REQUIRED WORK →
Exactly the lines from the one with "Isogyn, complemento alimenticio" through the end of the data below must be set down, and no pictures with them.

RECORDS PROVIDED →
== == ==
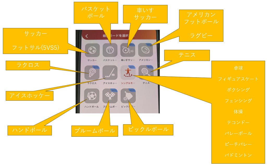 その他のスポーツモードを選択した場合、録画ボタンを押すと、
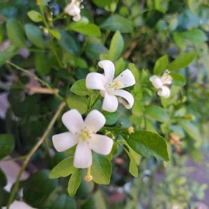 良い香りで次々と咲きますが、 すぐ花が茶色くなって 写真📷タイミングがなかなかない シルクジャスミン(ゲッキツ)です
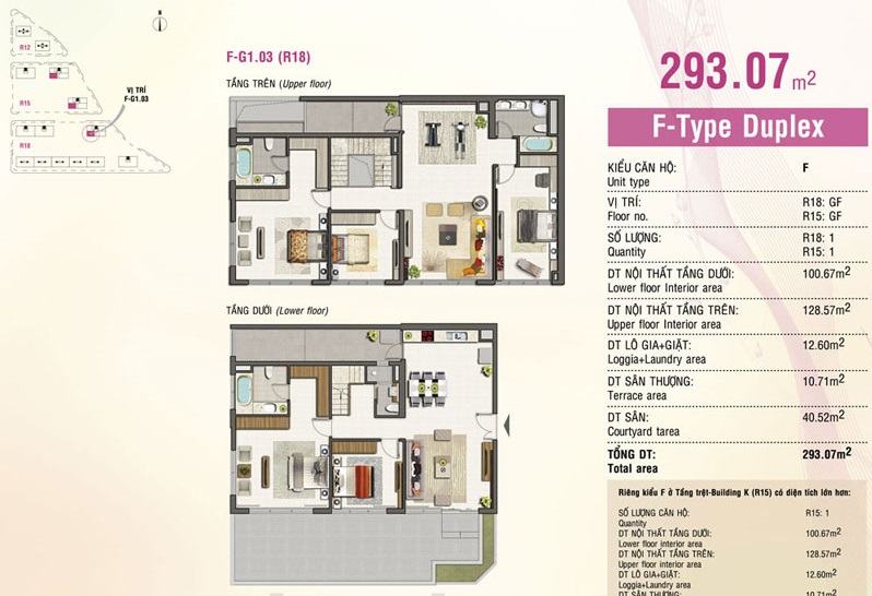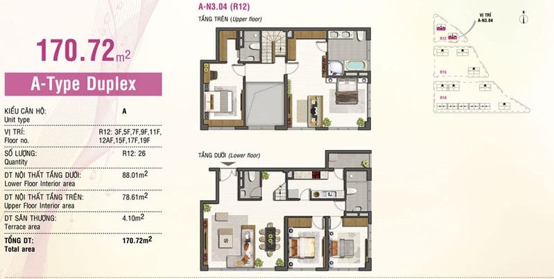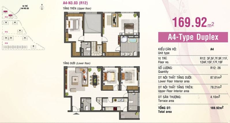 Căn hộ hai tầng (duplex) có diện tích từ 170- 325m2, đáp ứng nhu cầu không gian nhà ở có diện tích rộng, tạo nhiều tầng không gian sinh động, sang trọng và có thêm công năng sử dụng bố trí phòng làm việc, không gian sinh hoạt gia đình…
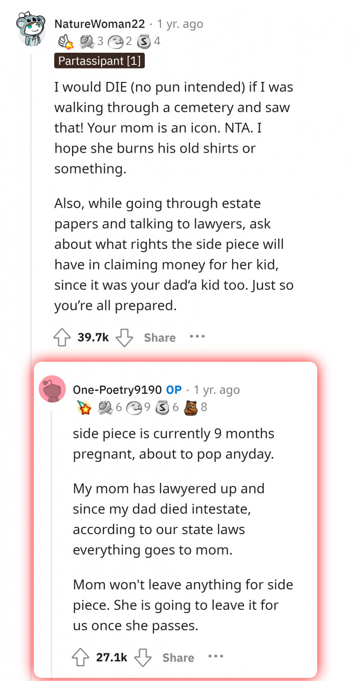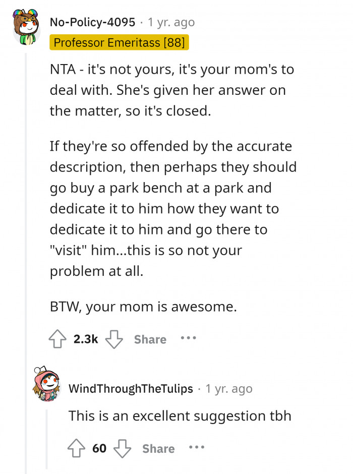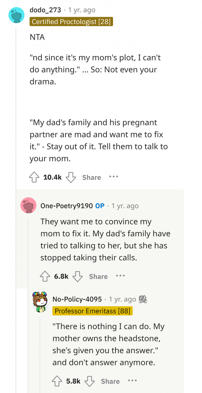 Reddit/NatureWoman22"There is nothing I can do. My mother owns the headstone; she's given you the answer."
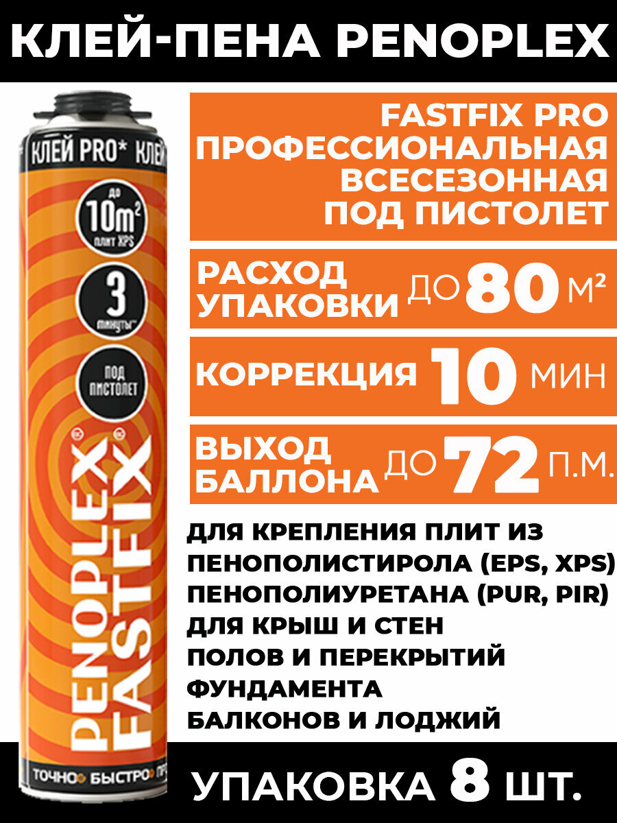 Клей-пена, пеноплэкс FASTFIX PRO, 8 шт. информация:
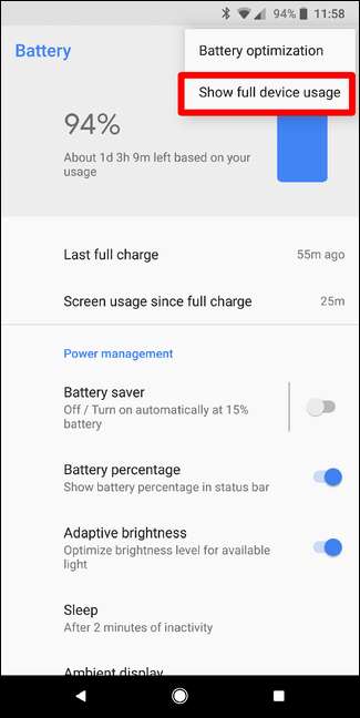 अंत में, ओरेओ में, Google ने "पूर्ण उपकरणों के उपयोग को दिखाने के लिए" विकल्प वापस लाया। इसका मतलब है कि आप देख सकते हैं कि कौन से ऐप बैटरी का उपयोग कर रहे हैं, और बैटरी उपयोग के लिए हार्डवेयर आँकड़े। यह दिखाने के लिए, ऊपरी दाएं कोने में तीन-डॉट ओवरफ़्लो मेनू टैप करें, फिर "पूर्ण डिवाइस उपयोग दिखाएं" चुनें। एप्लिकेशन दृश्य पर वापस जाने के लिए, समान कार्य करें और "एप्लिकेशन उपयोग दिखाएं" चुनें।
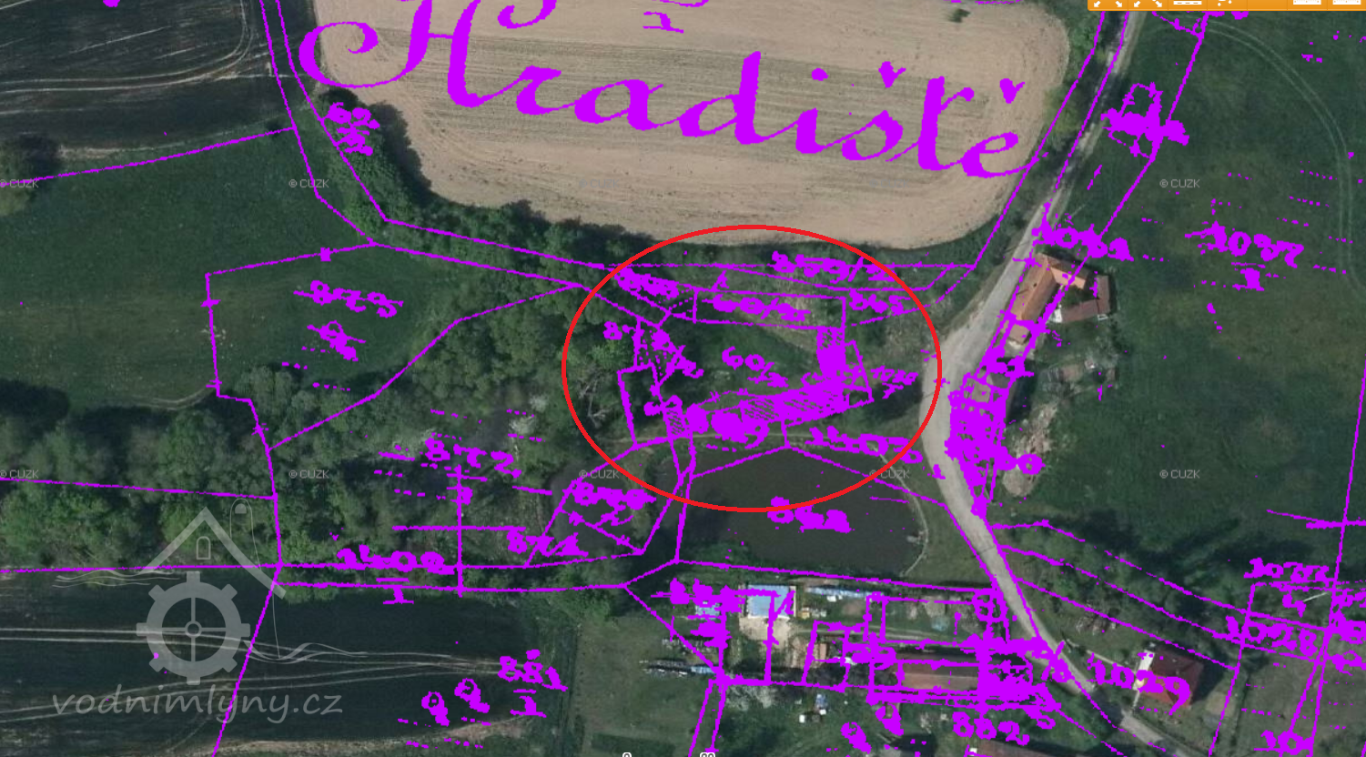 Horní rybník nad statkem, druhý (dolní) rybník na návsi vedle statku patrně k pohonu nevyužíván.
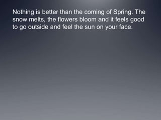 The document presents various English idioms related to spring. It begins by stating that spring is a time when the snow melts, flowers bloom, and it feels good to go outside in the sun. It then provides definitions and examples for over a dozen spring idioms, including "no spring chicken" meaning rather old, "put a spring in one's step" meaning to feel happy, and "spring fever" referring to a feeling of restlessness as the weather warms up in spring. It closes by quoting Charles Dickens saying spring is when it is summer in the sun and winter in the shade.
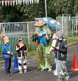 ДУК-4. Осень- прекрасное время года. Природа осенью полна неповторимым разнообразием цветов и красок. Сегодня наши дети встретились с красавицей Осенью, пройдя увлекательный квест. Целью было закрепление и уточнение познаний дошкольников об осени, используя технологию квеста на свежем воздухе, на территории детского сада. На своём пути ребята встречались с разными сказочными персонажами. Со старичком- лесовичком дети закрепили приметы осени, поиграли в игру "Да-нет". Показали ловкость и внимание с тетушкой-Слякотью. Выполнили задание Бабы-яги: собрали урожай картофеля, свёклы, кабачков, петрушки.
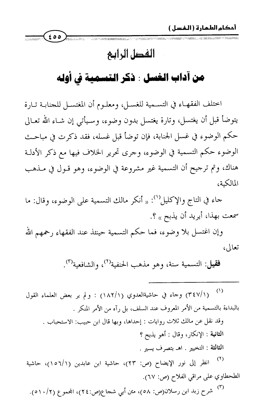 (¬1) (1/ 347) وجاء في حاشيةالعدوي (1/ 182): ولم ير بعض العلماء القول بالبداءة بالتسمية من الأمر المعروف عند السلف، بل رآه من الأمر المنكر.
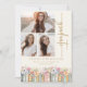 Books Graduation Announcement. Celebrate this milestone in style with a personalized graduate announcement that beautifully showcases three of your favorite photos on the front, paired with handpainted watercolor illustrations of books and delicate spring and summer wildflowers in soft hues of pink, blue, green, and gold. The vintage typewriter font and gold hand-lettered script on an ivory backdrop add a timeless, library literary charm. The coordinating pattern on the back ties the design together for a polished, elegant look. Customize the wording, font styles, sizes, and backgrounds to create a keepsake that truly reflects your journey. Share your achievement with a design as unique as your story—start personalizing today! (the script "graduate" CANNOT be changed"
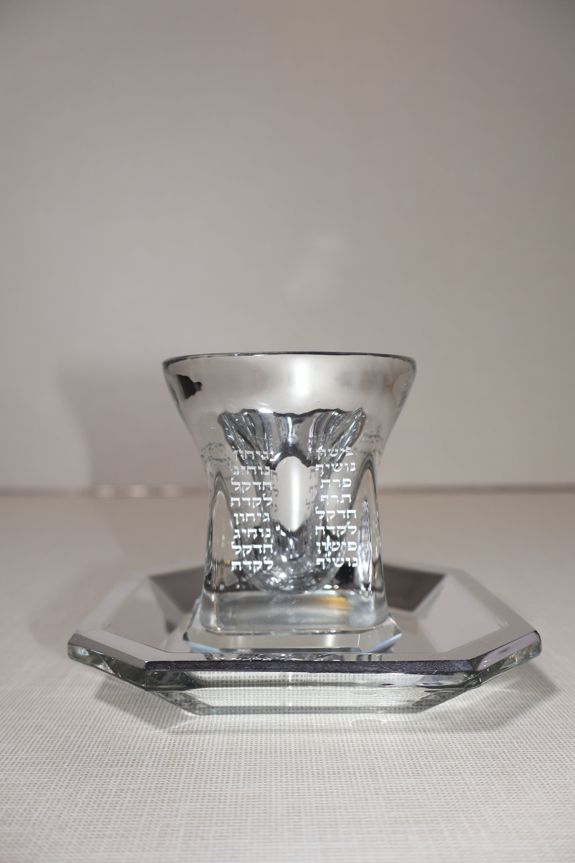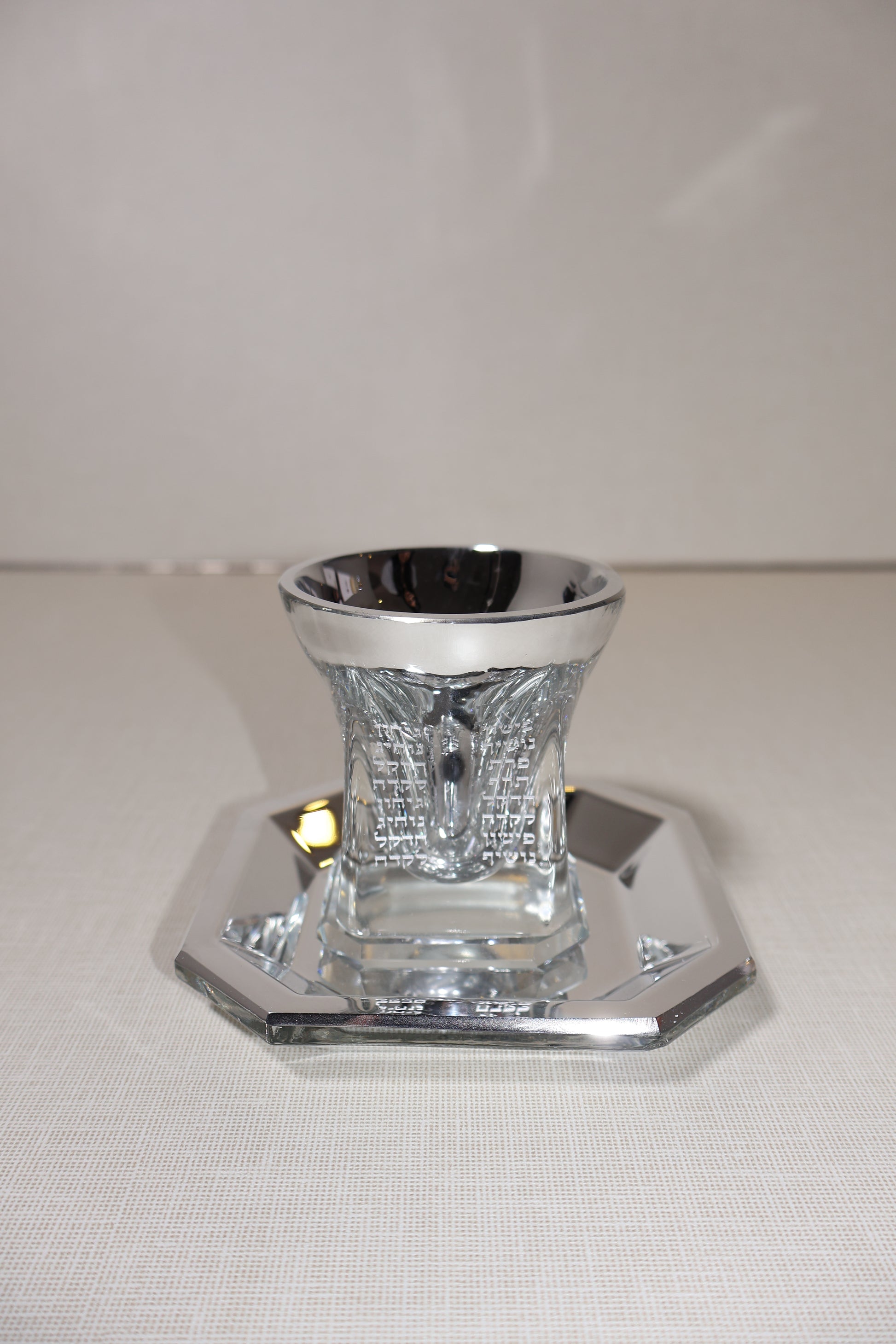 גביע קריסטל מהודר בגימור מראה , עם בסיס מרובע אלגנטיות וחריטת שמות הנהרות הקדושים בגן העדן . עיצוב מיוחד המעניק נופך רוחני לשולחן השבת והחג.
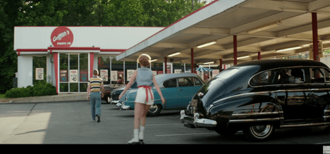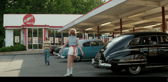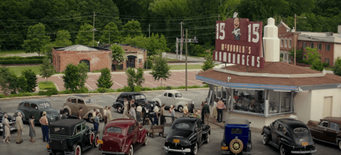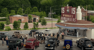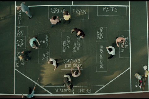 En la siguiente imagen se puede ver al fondo que los hermanos McDonald's se inventaron una feria para atraer al público. Sin embargo, les llovió y la gente se llevó la comida a la casa. Aún cuando el evento fue un fracaso (por la lluvia), la gente compró rápidamente la comida y se la llevó. El mensaje fue todo un éxito, y al día siguiente una multitud hacía fila para comprar las hamburguesas.
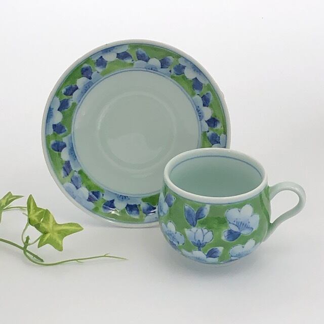 有田焼 山茶花(緑) 珈琲碗皿 カップ&ソーサー  | 有田焼ショップ まるとも陶磁器
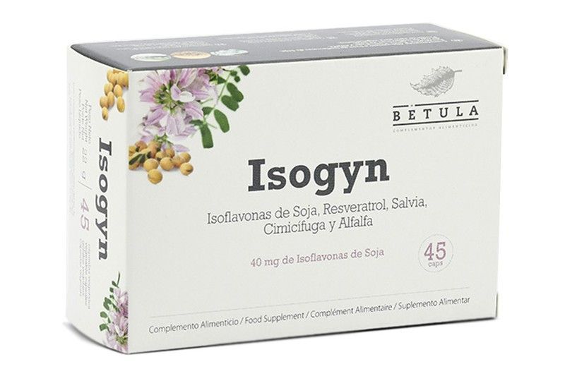 Isogyn, complemento alimenticio en caja de 45 cápsulas con isoflavonas de soja, resveratrol, salvía, cimicifuga y alfalfa. Ideal para mujeres que buscan apoyo durante la menopausia. Formulado con ingredientes naturales para ayudar a mantener el bienestar hormonal. Envase elegante con diseño floral y detalles en tonos suaves.
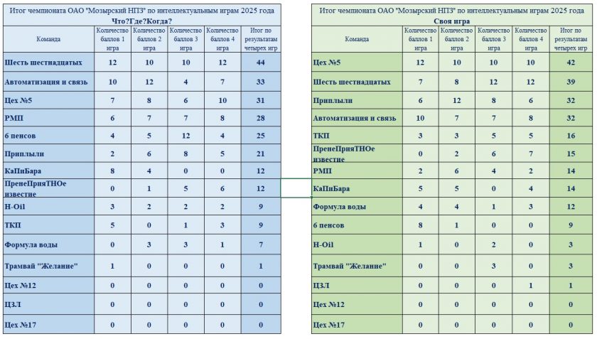 • Результаты Чемпионата и Кубка
== == ==
TASK RESPONSE →
 Isogyn, complemento alimenticio en caja de 45 cápsulas con isoflavonas de soja, resveratrol, salvía, cimicifuga y alfalfa. Ideal para mujeres que buscan apoyo durante la menopausia. Formulado con ingredientes naturales para ayudar a mantener el bienestar hormonal. Envase elegante con diseño floral y detalles en tonos suaves.
 • Результаты Чемпионата и Кубка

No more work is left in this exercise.